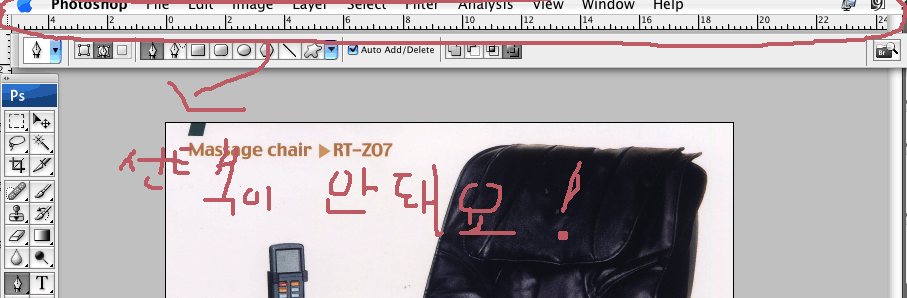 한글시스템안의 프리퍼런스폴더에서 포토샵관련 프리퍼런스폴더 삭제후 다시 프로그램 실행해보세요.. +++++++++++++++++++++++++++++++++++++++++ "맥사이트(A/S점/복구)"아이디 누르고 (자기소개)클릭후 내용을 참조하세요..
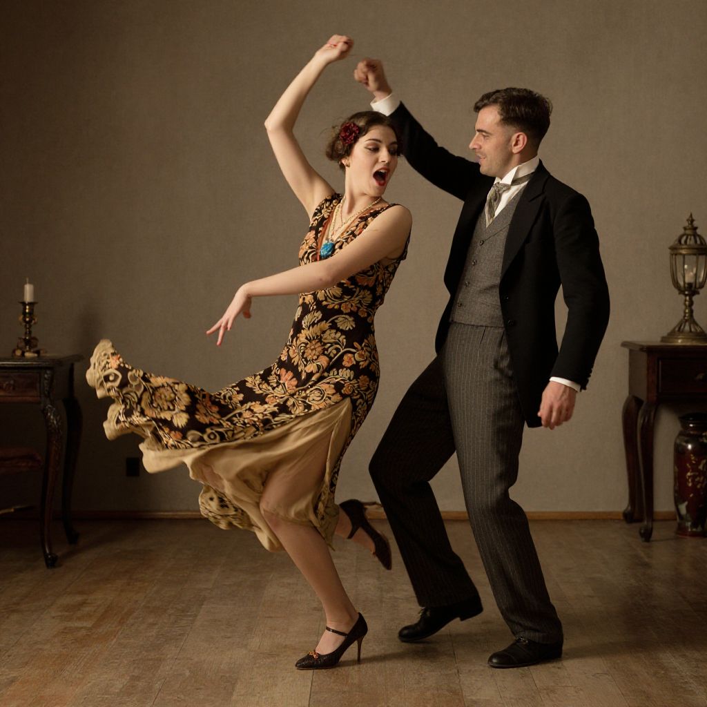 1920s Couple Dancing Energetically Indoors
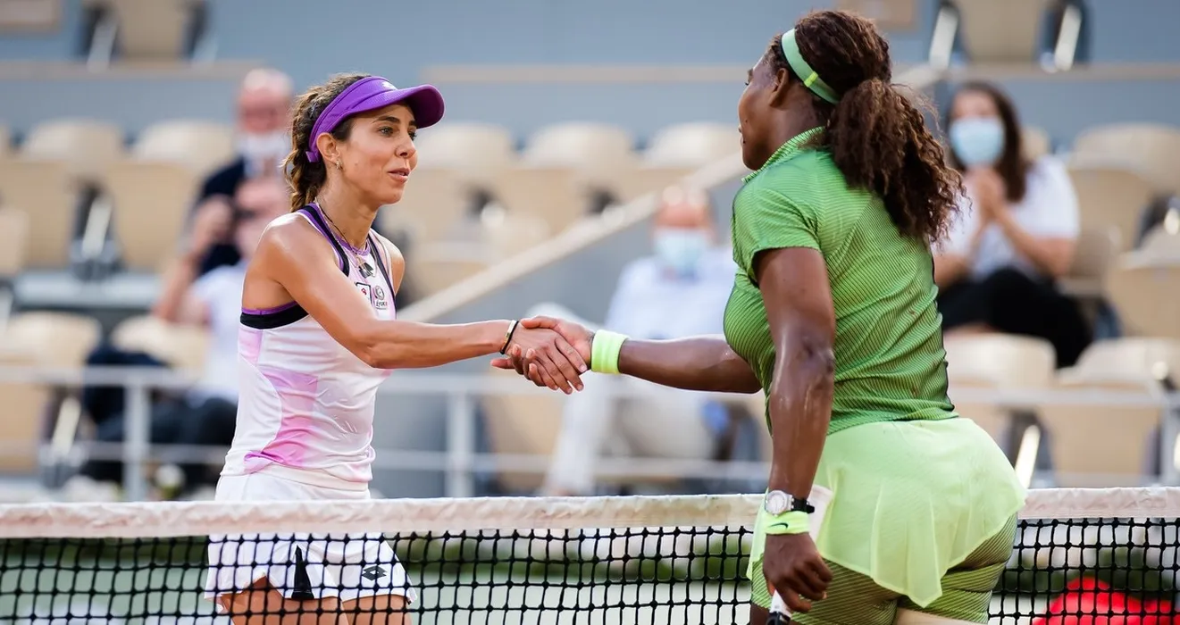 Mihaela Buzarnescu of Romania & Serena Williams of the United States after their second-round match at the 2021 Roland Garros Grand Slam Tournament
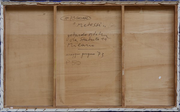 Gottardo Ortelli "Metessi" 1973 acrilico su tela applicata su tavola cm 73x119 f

# [What you have to do]
Exact reproduction is required for the lines from the one containing "1920s Couple Dancing Energetically Indoors" through the end of the material, and for those lines only, without pictures.

# [Response]
 1920s Couple Dancing Energetically Indoors
 Mihaela Buzarnescu of Romania & Serena Williams of the United States after their second-round match at the 2021 Roland Garros Grand Slam Tournament
 Gottardo Ortelli "Metessi" 1973 acrilico su tela applicata su tavola cm 73x119 f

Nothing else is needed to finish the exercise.